■日本語の文法の第一波・第二波・第三波
1 1980-90年代に日本語がグローバル化
日本語文法について、文法のことなど何も知らないという知り合いに、大雑把な話をしました。現代の日本語ができたのは、そんなに昔のことではないはずです。日本企業が海外に出て行って、活躍していると言っても、それも最近ですから、そう違いません。
たとえばトヨタ自動車が北米進出を決めて、ケンタッキー工場を作ったのが1987年でした。日本的経営がアメリがでも注目されたのが1980年代ですから、まだそのころ、日本においてグローバルな環境が整っていると言える状況ではなかったと思います。
日本語の場合も、書かれる内容がグローバル化することが、書くこと読むことに影響を与えたはずです。1980年代か1990年代に、現代の日本語になったと考えられます。そのくらい最近のことだとしたら、日本語の文法がなくてもおかしくないはずです。
2 日本語文法の第一波と第二波
日本語の文法の場合、戦後に古典文法を現代文法に転換していったのが第一波でした。古典文法には形容動詞がありますから、その名残りのように、教科書文法にはまだ形容動詞が生き延びています。英文法の影響もあって、主語と述語を骨格とした文法です。
その次に、外国人向けに日本語を教える人たちが作り上げてきた文法が第二波になると思います。ここでは形容動詞は消えて、形容詞の中のナ形容詞という扱いになっていました。さらに主語を否定する考えの人が、もしかしたら多数派です。
第一波よりも、第二波の方が若い学者たちの支持を受けていますので、最近の学界では通説的な見解になっているかもしれません。しかし、日本人向けの文法ではないですから、何となくしっくりこないことがあります。一般の優秀な方々は支持していません。
3 第三波の予想図
そうなると第三波が出てくるはずですが、まだ明確になっていないようです。第三波となるための条件は、文法に関して専門的な知識がなくても、使える文法であることになります。日本語の文法で、日本語の文章が分析できるツールでなくてはなりません。
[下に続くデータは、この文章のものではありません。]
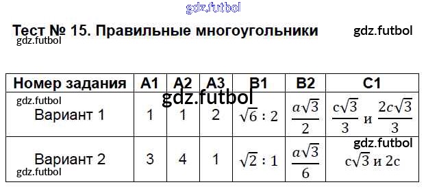Готовые домашние задания по Геометрии за 9 класс Рурукин Контрольно-измерительные материалы (КИМ) 2016 ФГОС - Тесты 15

第二波の問題点は、主語・述語を否定してしまって、かわりに主題と解説という構造を導入してしまったことです。主題の定義が上手くできていません。「は」が主題の目印だ言うのでは、使いようがないのです。使える文章の分析方法も提示できていません。
「は」は主題で、「が」は主格ですから、両者は別物です…というのでは説明になっていません。活用のない「ナ形容詞」に活用形があることにしてあります。こんなツールで文章の分析などできるわけありません。第三波と言うなら、文章分析ができるはずです。
適切な文章分析ができるなら、小学生の言語能力が増進したり、言語野の障碍を改善したりといった効果も期待できるでしょう。日本人が日本語を、意識的に運用できるようにするための文法が出てくれば、たぶんそれが第三波になります。こんな話をしました。